A fascinating piece in this week’s TLS : a review by Terence Hawkes of Michael Holzman’s book JAMES JESUS ANGLETON, THE CIA, AND THE CRAFT OF COUNTERINTELLIGENCE, a work that tries to tease out the influences of the New Critics & especially that of Empson’s 7 Types of Ambiguity on James Angleton & Norman Holmes Pearson. Below, an extract of the review; you can read the complete article here.

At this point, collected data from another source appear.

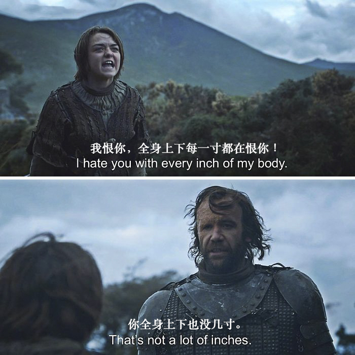 从二丫和猎狗的相爱相杀,到詹姆和“美人”布蕾妮的感情,这些修改过的对话保留了角色之间的关系,但同时又带有一些相当不错的幽默调侃。我们挑选了一部分,看看怎么以最幽默的一种方式来回顾《权力的游戏》吧!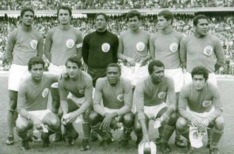 SELECCIÓN DE BRASIL 1970ARRIBA IZQ-DER: Rogeiro, Coutinho, Parreira, Félix, Camargo, Leao, Fontana, Britto, Clodoaldo, Zagallo y ChirolCENTRO MISMO ORDEN: Américo, Rivelino, Carlo Alberto, Baldocchi, Piazza, Everaldo, Paulo César, Tostao, Marco Antonio y AdoABAJO MISMO ORDEN: Edú, Zé María, Dadá Maravilha, Gerson, Roberto Miranda, Jairzinho, Pelé y Nocaute Jack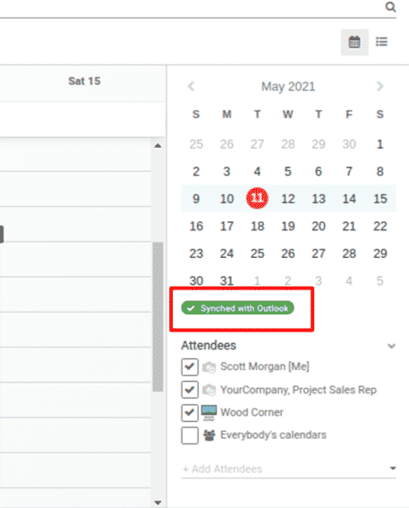 - Now go to the Calendar module in odoo. You can see there is a green baar in the right side which says, ‘Synced with Outlook’.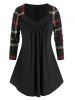 Plus Size Plaid Sleeve Pleated Top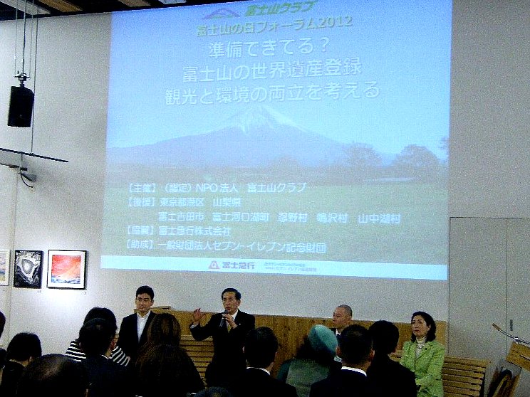 当クラブ主催の、富士山の日フォーラム2012が2月23日、山梨県(富士吉田市)と東京都(港区)内で開催されました。山梨会場には60人が、東京会場には170人が参集、富士山に世界遺産登録について、パネリストの議論を聞きました。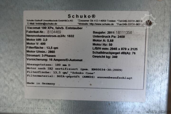 Пылеуловитель/вытяжка Schuko Vacomat 180 X Pe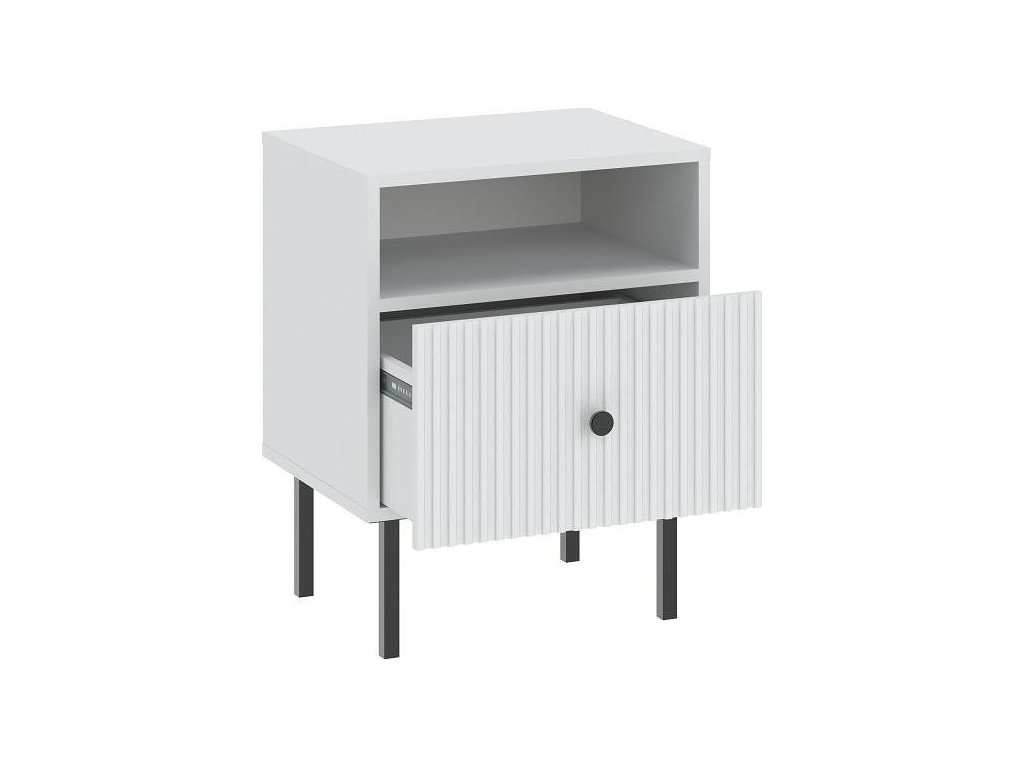 CASA 85039 Noční stolek se zásuvkou v elegantním stylu, je vyroben z kvalitní LTD desky v barevném provedení bílá. Přední část nábytku je doplněna dekorem frézovaných dveří. Vysoké kovové nožky nábytku a úchyty jsou v barevném provedení černá. V naší nabídce naleznete více variant nábytku této řady. Dodáváme v demontovaném stavu.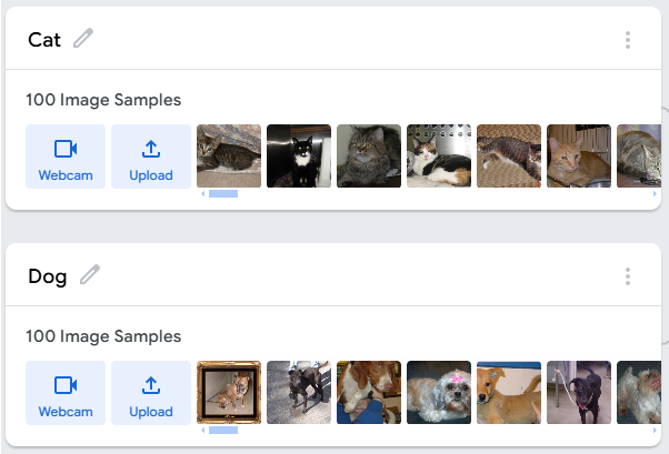 In these examples, an image of a dog and an image of a cat were uploaded.

Holzman’s brisk, uncluttered book offers valuable access to previously untapped material on Angleton, who became the first head of the Counter-intelligence Staff of the CIA. In particular, it makes incisive use of his years as a student of English at Yale and the influence on him of the New Critics and modernist poets of his day. Previous biographers such as Robin Winks have pointed out that at Yale he was co-editor of the literary journal Furioso. But Holzman takes a more spirited line, publishing two of Angleton’s grating undergraduate poems and a list of his correspondence with writers such as T. S. Eliot, W. H. Auden, I. A. Richards, William Empson, Ezra Pound and Louis MacNeice. These famous poets all “took this young man very seriously” and he, in return, was greatly impressed by their writings, particularly the book that became a crucial text of New Criticism, Empson’s Seven Types of Ambiguity. For Empson, ambiguity is the central aspect of language. Not a minor stylistic flourish, it is an unavoidable linguistic feature permanently in place and in effect seems to exploit the fundamental characteristics of language itself. This means that “opposite” meanings will always illuminate and invade the primary meanings of ordinary words, so that “in a sufficiently extended sense any prose statement could be called ambiguous”. Thus, Empson argues, a word may have several distinct meanings; several meanings connected with one another; several meanings which need one another to complete their meaning; or several meanings which unite together so that the word means one relation or one process . . . what often happens when a piece of writing is felt to offer hidden riches is that one phrase after another lights up and appears as the heart of it; one part after another catches fire.